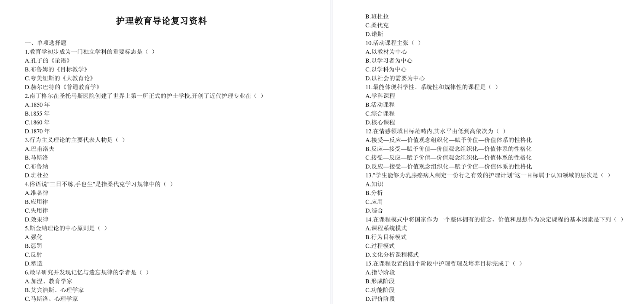 4. 强化记忆关键人物与理论:准确记忆主要教育家(如布鲁姆、加涅等)及其核心理论观点,以及护理教育中的核心概念(如带教制、见习、实习等)。
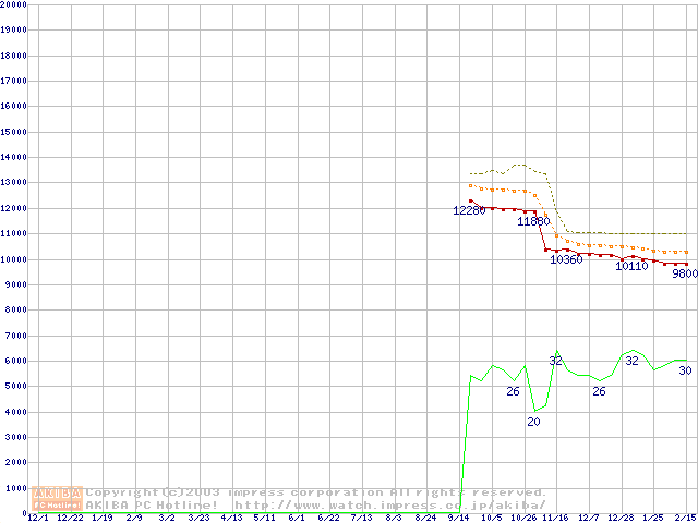 Socket 478 (micro-PGA,FSB 400MHz,L2 128KB,Northwood)の最安値推移
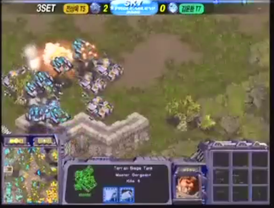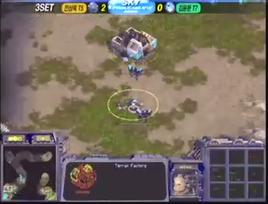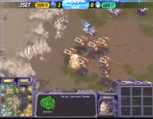 이제부터 드랍십 싸움이다. 하지만 미네랄도, 드랍십의 수도 전상욱이 더 우위. 더불어 둘의 스타일이 비슷한건가? 오직 전세역전할 한방만을 노리고 있는 것이다. 그리고 먼저 공격을 시도한 전상욱. 동시에 김윤환은 여전히 방어적인 스타일로 나간다. 전상욱이 1시를 공격하면 드랍십을 이끌고 병력을 떨어트려 방어. 9시를 공격하면?
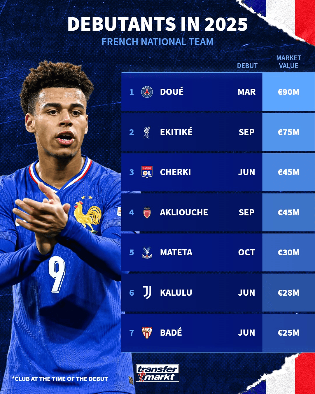2025年法国国家队新人身价榜:杜埃9000万,埃基蒂克7500万
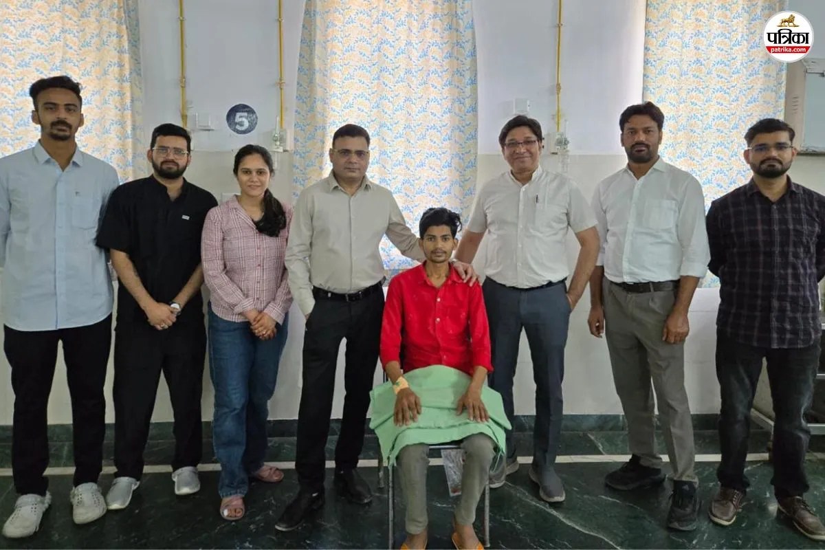 सफल सर्जरी के बाद चिकित्सकों की टीम और मरीज (फोटो-पत्रिका)
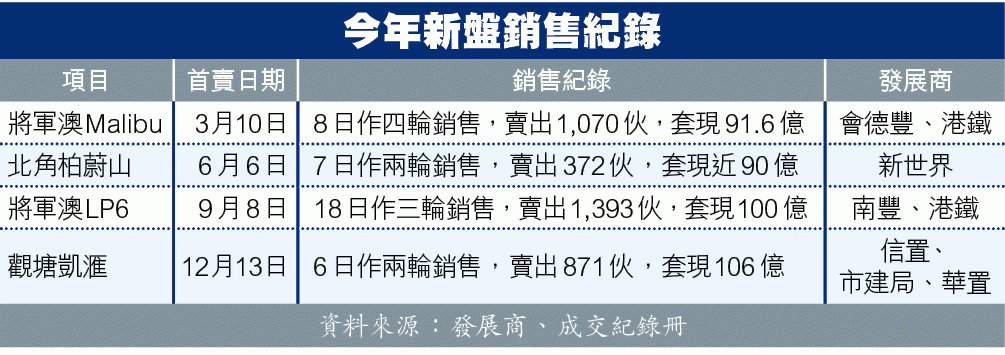 翻查資料,今年新盤票王會德豐(020)旗下將軍澳日出康城Malibu於3月時,8日作四輪銷售,賣出1,070伙,套現91.6億元。同區由南豐發展的LP6於9月時,18日作三輪銷售,賣出1,393伙,套現100億元。至於新盤首日吸金王、新世界(017)旗下北角柏蔚山,7日作兩輪銷售,賣出372伙,套現近90億元。是次凱滙於短短6日內已套現106億元,打破市場紀錄。
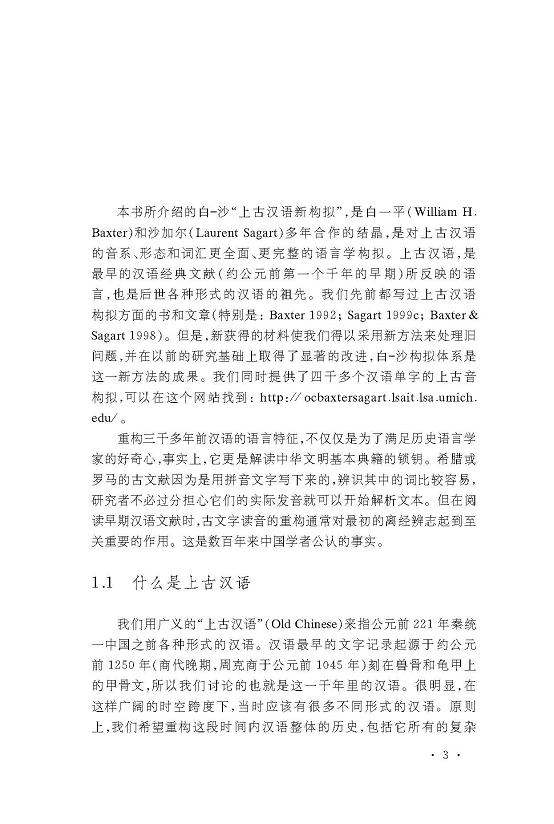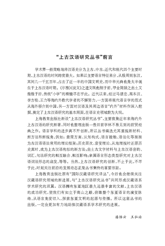 我們希望我們的翻譯工作能給中文學(xué)界,尤其是爲(wèi)研究漢語(yǔ)古文字、漢語(yǔ)方言和其他東亞語(yǔ)言的年輕學(xué)子學(xué)習(xí)白、沙兩位先生這本著作提供方便。正如兩位先生在本書中指出的那樣,以上古音爲(wèi)基礎(chǔ)的上古漢語(yǔ)的綜合研究才剛剛起步。我們衷心祝願(yuàn)本書的翻譯,能爲(wèi)我們共同推進(jìn)上古漢語(yǔ)的研究添磚加瓦,爲(wèi)綜合上古漢語(yǔ)、古文字學(xué)、戰(zhàn)國(guó)秦漢簡(jiǎn)帛研究、漢語(yǔ)方言以及東亞語(yǔ)言的研究開(kāi)闢一個(gè)新天地。

§ **Your goal**
Leave out the pictures, and retype exactly the lines from the one containing "Socket 478 (micro-PGA,FSB" through the final line of the data.

§ **Solved problem**
 Socket 478 (micro-PGA,FSB 400MHz,L2 128KB,Northwood)の最安値推移
 이제부터 드랍십 싸움이다. 하지만 미네랄도, 드랍십의 수도 전상욱이 더 우위. 더불어 둘의 스타일이 비슷한건가? 오직 전세역전할 한방만을 노리고 있는 것이다. 그리고 먼저 공격을 시도한 전상욱. 동시에 김윤환은 여전히 방어적인 스타일로 나간다. 전상욱이 1시를 공격하면 드랍십을 이끌고 병력을 떨어트려 방어. 9시를 공격하면?
2025年法国国家队新人身价榜:杜埃9000万,埃基蒂克7500万
 सफल सर्जरी के बाद चिकित्सकों की टीम और मरीज (फोटो-पत्रिका)
 翻查資料,今年新盤票王會德豐(020)旗下將軍澳日出康城Malibu於3月時,8日作四輪銷售,賣出1,070伙,套現91.6億元。同區由南豐發展的LP6於9月時,18日作三輪銷售,賣出1,393伙,套現100億元。至於新盤首日吸金王、新世界(017)旗下北角柏蔚山,7日作兩輪銷售,賣出372伙,套現近90億元。是次凱滙於短短6日內已套現106億元,打破市場紀錄。
 我們希望我們的翻譯工作能給中文學(xué)界,尤其是爲(wèi)研究漢語(yǔ)古文字、漢語(yǔ)方言和其他東亞語(yǔ)言的年輕學(xué)子學(xué)習(xí)白、沙兩位先生這本著作提供方便。正如兩位先生在本書中指出的那樣,以上古音爲(wèi)基礎(chǔ)的上古漢語(yǔ)的綜合研究才剛剛起步。我們衷心祝願(yuàn)本書的翻譯,能爲(wèi)我們共同推進(jìn)上古漢語(yǔ)的研究添磚加瓦,爲(wèi)綜合上古漢語(yǔ)、古文字學(xué)、戰(zhàn)國(guó)秦漢簡(jiǎn)帛研究、漢語(yǔ)方言以及東亞語(yǔ)言的研究開(kāi)闢一個(gè)新天地。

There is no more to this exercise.